I seethed as he wrapped sizzling meat and veggies in a tortilla. It bugged me that he was being so wishy-washy. You can’t just up and change your ideals on a whim! He had told me he wished he had spent more time working through his marriage, that he regretted leaving something established for the great unknown. I had heard what he’d said, and it had led me to reconsider a future with Erik. It had led me to let my ex into my undies.
“You’re giving me looks,” Joe said, gesturing at my face with his fajita.
“What kind of looks?”
“Weird looks.” Wow, that was flattering. “Did what I say really have that much impact on you? You know I’m not some kind of relationship expert, right?”
“I don’t know. You have been married and divorced. That should give you some amount of savvy.”
“It just means I’ve made bad choices, then adapted accordingly. I firmly believe you can’t plan life, and you have to go with the flow.
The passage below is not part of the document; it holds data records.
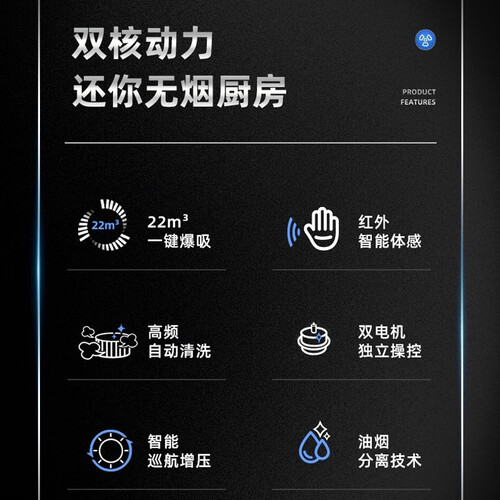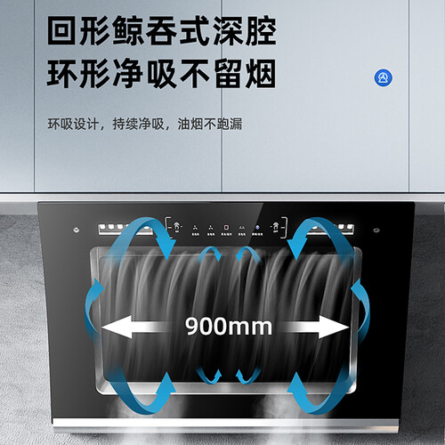 双核铜质电机设计,独立对准炉头,再大油烟也无惧怕。国家标准二级能效,强吸力同时耗电量更低,节省用钱。
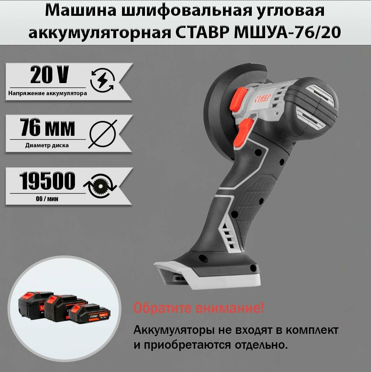 Машина шлифовальная угловая аккумуляторная ставр МШУА-76/20
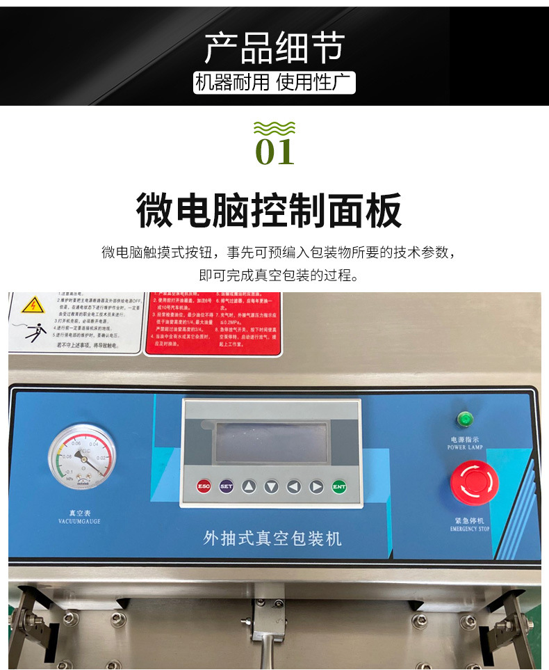 相較于單式內抽真空包裝機,氣動外抽真空包裝機優(yōu)勢顯著。在工作方式上,外抽式無需將產品放入真空室,直接在外部對包裝袋抽氣,可避免產品受真空室尺寸限制,輕松包裝大型或形狀特殊產品。在包裝效率方面,外抽式抽氣速度快,像食品外賣行業(yè),能快速完成餐食包裝,適應快節(jié)奏生產需求,而內抽式因真空室需密封、抽氣、恢復常壓等步驟,流程相對耗時
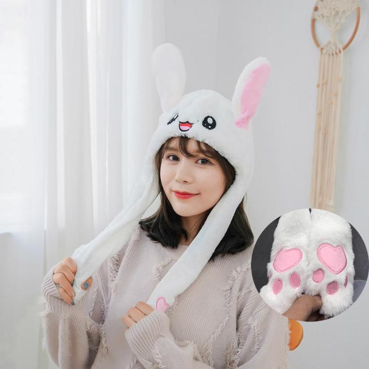 【HOT】 1PC Rabbit Hat Plush Can Moving Bunny Ears Hat For Kids Adult Girlfriend Bunny Plush Cap Winter Hat
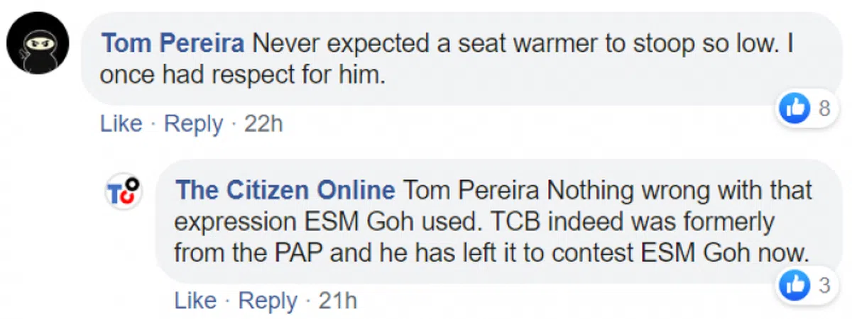 Tom Pereira网民说:我原本相当敬重老吴的,没想到他这个暖席者竟出此下策。对此,The Citizen Online网民站出来维护老吴说:吴资政用这个比喻没什么问题。陈清木曾经是人民行动党党员,他的确已经离去,与吴资政分庭抗礼。

We sing about it.”
“In the band? You sing a song about divorce?”
“About going with the flow.” He sang a few bars of a song, and I was reminded of his charisma up on stage. Why was that charisma morphing into ignorance and immaturity in a one-on-one situation? As an adult, I would fully expect Joe to have stronger plans in place for himself. Like… well, like Erik. Erik had plans and goals and a road map. But he wasn’t acting on them. Unlike Joe, who’d apparently had no long-term goals for himself, but had just up and quit everything to be in a children’s rockabilly band.
“Do you ever think about the future? Like, five, ten years down the line? Don’t you feel like you need to put plans in place to get yourself to the next hurdle?”
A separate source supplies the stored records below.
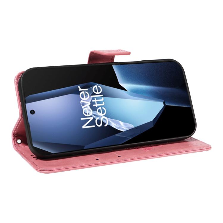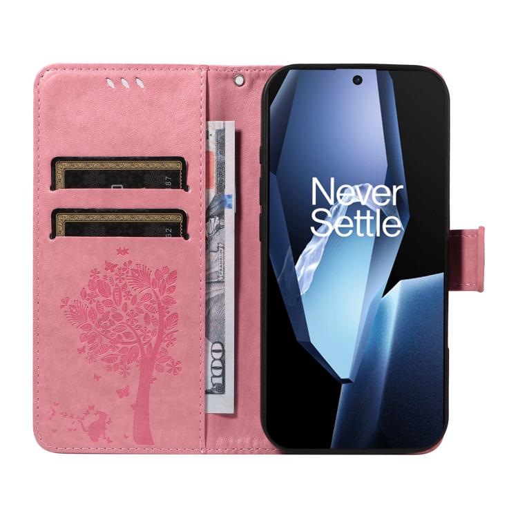 Funda de Cuero con Tapa para OnePlus 13R Global con Diseño de Árbol y Gato en Relieve (Rosa)
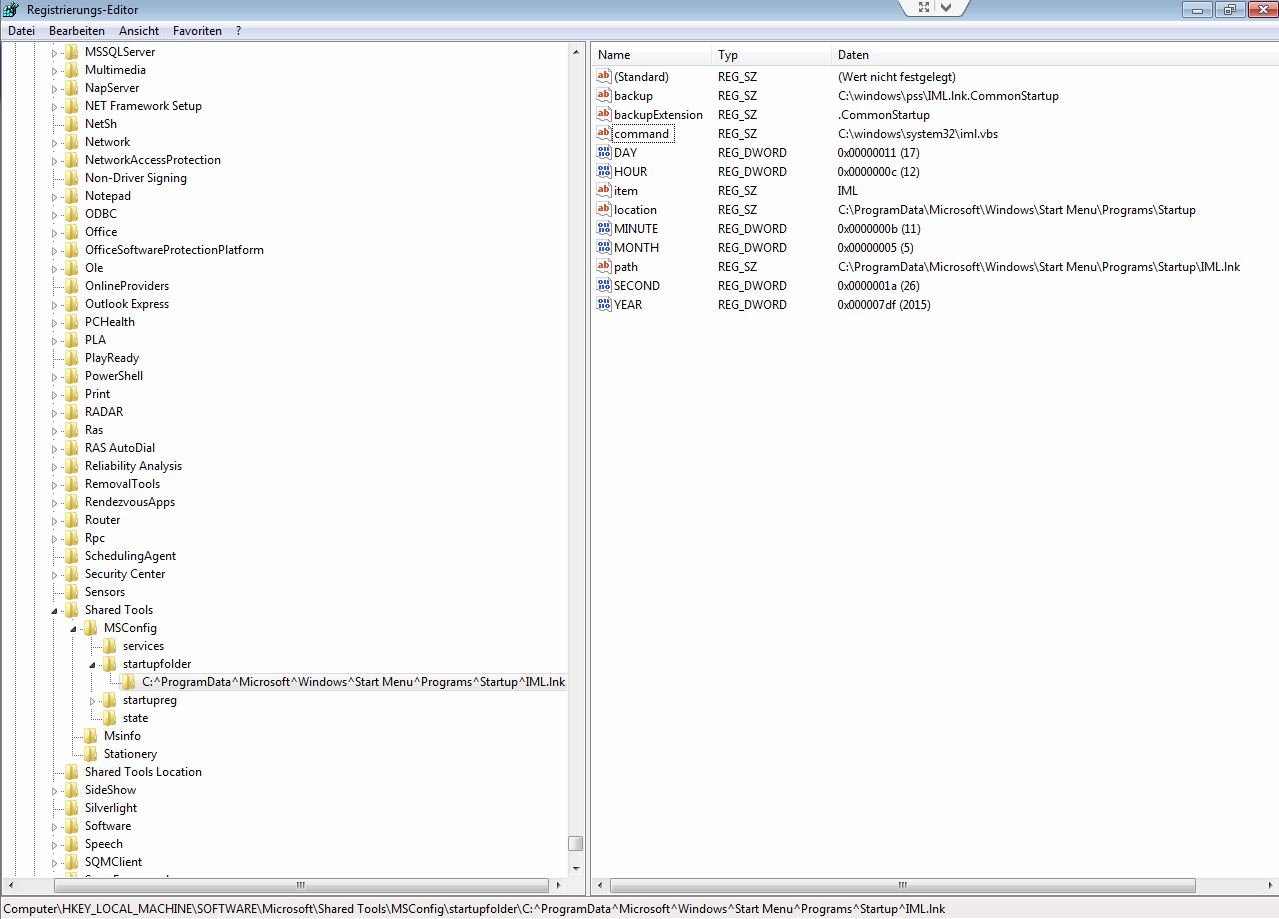 Die iml.vbs sitzt im system32 Ordner von Windows, nur dort kann ich Sie finden. Aber löschen geht nicht, es stellt sich sofort selbst wieder her und setzt sich auch wieder in Autostart.
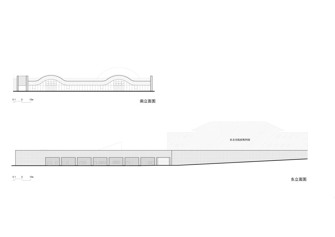 整个连续的屋顶以剖面做立面在南广场戛然而止。在陈列馆门前,视线毫无阻碍。在南广场,大地似乎被掀开一条边。无论如何。第一次来的观众都不会知道大地之下,或者大地的罅隙里面有个深邃的宫殿,让人心驰神迷。
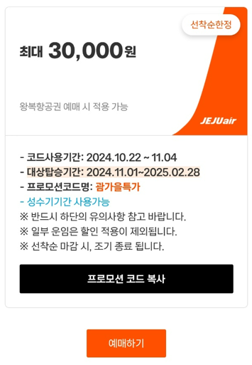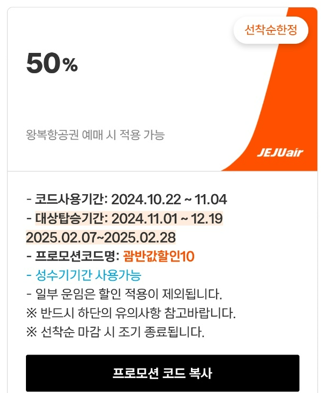 ※ 제주항공 프로모션 코드 & 신규회원 가입 혜택 중복 적용 가능 합니다.
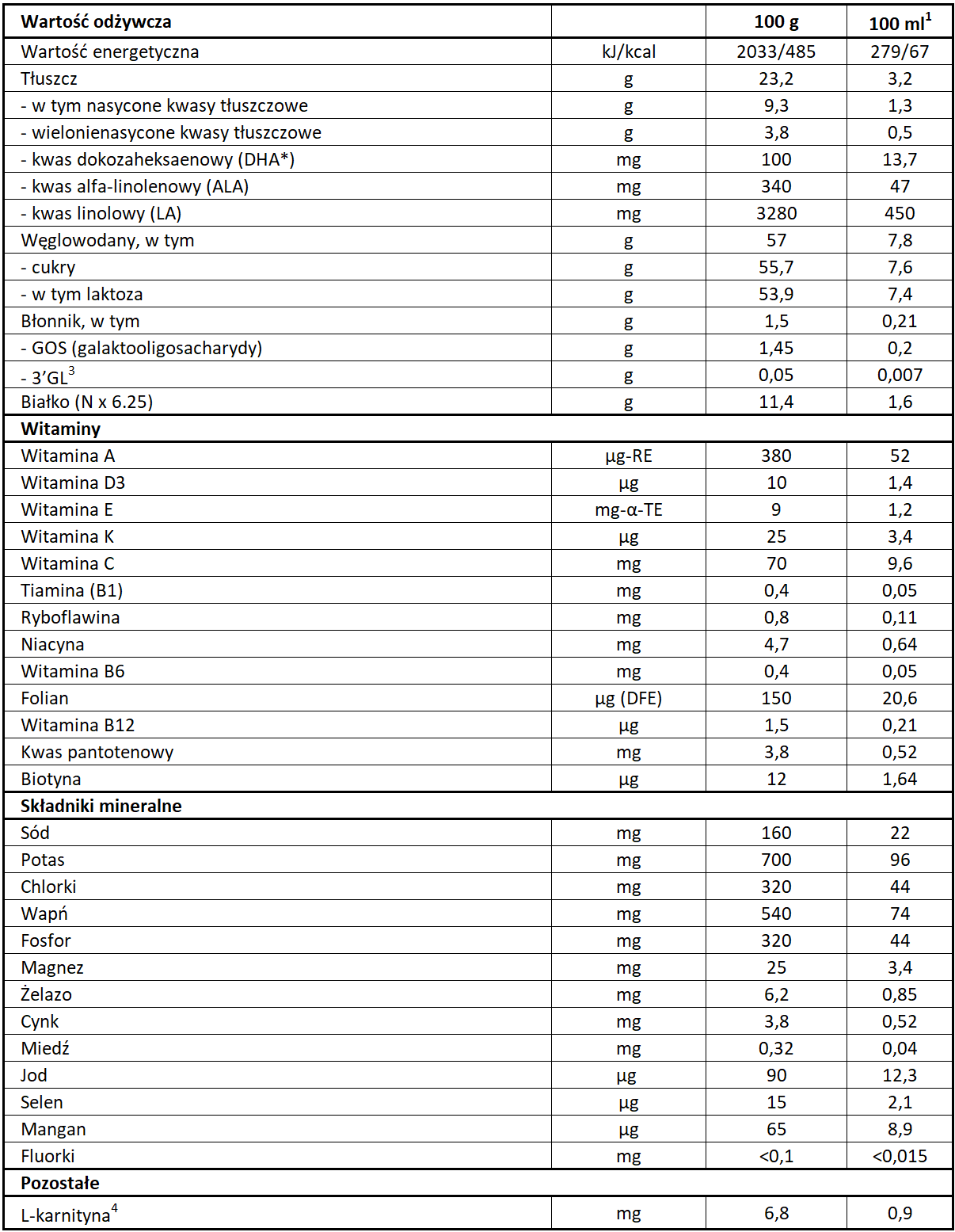 BIO mleko pełnotłuste (191,2 g płynnego mleka na 100 g proszku), BIO mleko odtłuszczone, BIO laktoza (z mleka), BIO oleje roślinne (słonecznikowy, kokosowy, rzepakowy), BIO demineralizowane białko serwatki z mleka, BIO galaktooligosacharydy (z mleka) 2,1%, mleczan wapnia, fosforan wapnia, wodorotlenek potasu, witamina C, cytrynian wapnia, olej z mikroalg Schizochytrium sp., chlorek potasu, siarczan żelaza (II), witamina E, siarczan cynku, niacyna, kwas pantotenowy, siarczan miedzi (II), tiamina, ryboflawina, witamina A, witamin B6, siarczan manganu, kwas foliowy, selenian (IV) sodu, jodek potasu, witamina K, witamina D3, biotyna, witamina B12.

“Hurdle?” Joe leaned back against his booth seat and set his fajita down on top of the salsa and sour cream-laden plate that sat in front of him. “I don’t really see life as something filled with hurdles to get through. I like to map my course with lots of blank spots, and see what lies around the next bend. Like hashing—you’ve gotta get somewhere eventually, but there are plenty of stops for fun along the way. Have you ever been on a hash?”
“Are you talking about drugs?”
He laughed, short and loud. “No. Hashing is basically running while socializing, with a little beer thrown in. One of the guys in my hash group once called us drinkers with a running problem, or something like that.”
“Running with beer?”
“If you’re going to run, there might as well be something good keeping you going. That’s my theory, anyway. We drink a little before, during, and after. Keeps you going.”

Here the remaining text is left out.